### WHAT IS EXPECTED
Both ends included, restate word for word the lines from the first line of the listing through the line containing "UNIT INJECTOR AND". Leave the pictures out.

### DATA SECTION
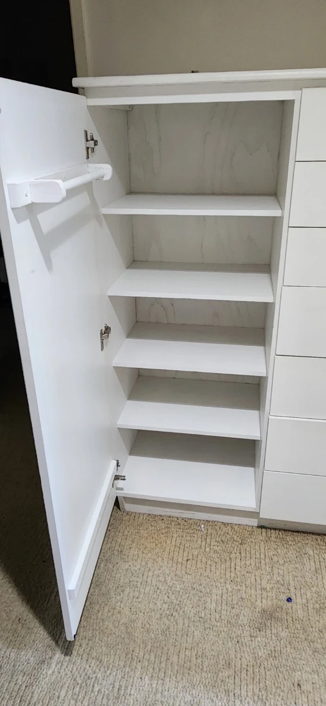 This is a white wardrobe with a hanging rail and five shelves on one side. It also has seven drawers on the other side for storage. The interior of the drawers is wood-grain finish.
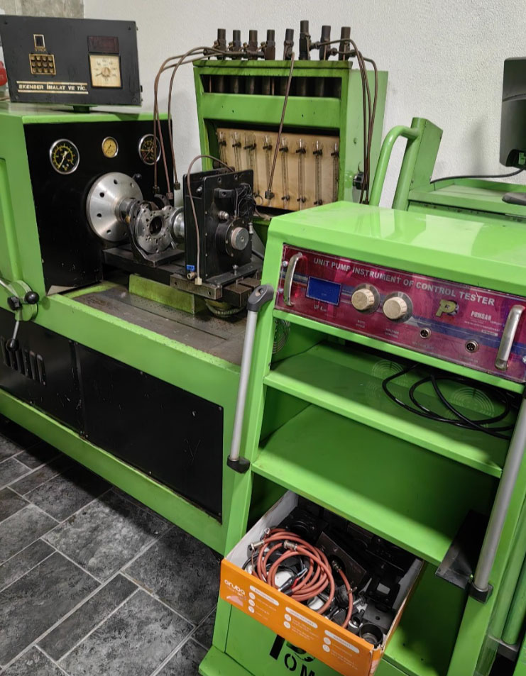 UNIT INJECTOR AND PUMP TEST SIMULATOR AND CAMBOX POMSAN WITH TRADITIONAL MECHANICAL PUMP TEST BENCH
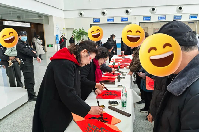 随后,新春送福环节同步在我院东院区、西院区门诊一楼大厅开启。南通知名书法家、老干部党校书法志愿者及全国先进工作者、我院黄中伟教授现场挥毫泼墨,红纸铺展,笔墨飘香,一个个饱含祝福的“福”字跃然纸上,将新春的美好祝愿与无偿献血的公益理念融入笔墨之中。来院患者及家属、广大市民纷纷驻足,领取饱含心意的春联和福字,在 墨香中感受浓浓的年味,也对无偿献血这一公益事业有了更深刻的认识。

### RESULT OF THIS EXERCISE
 This is a white wardrobe with a hanging rail and five shelves on one side. It also has seven drawers on the other side for storage. The interior of the drawers is wood-grain finish.
 UNIT INJECTOR AND PUMP TEST SIMULATOR AND CAMBOX POMSAN WITH TRADITIONAL MECHANICAL PUMP TEST BENCH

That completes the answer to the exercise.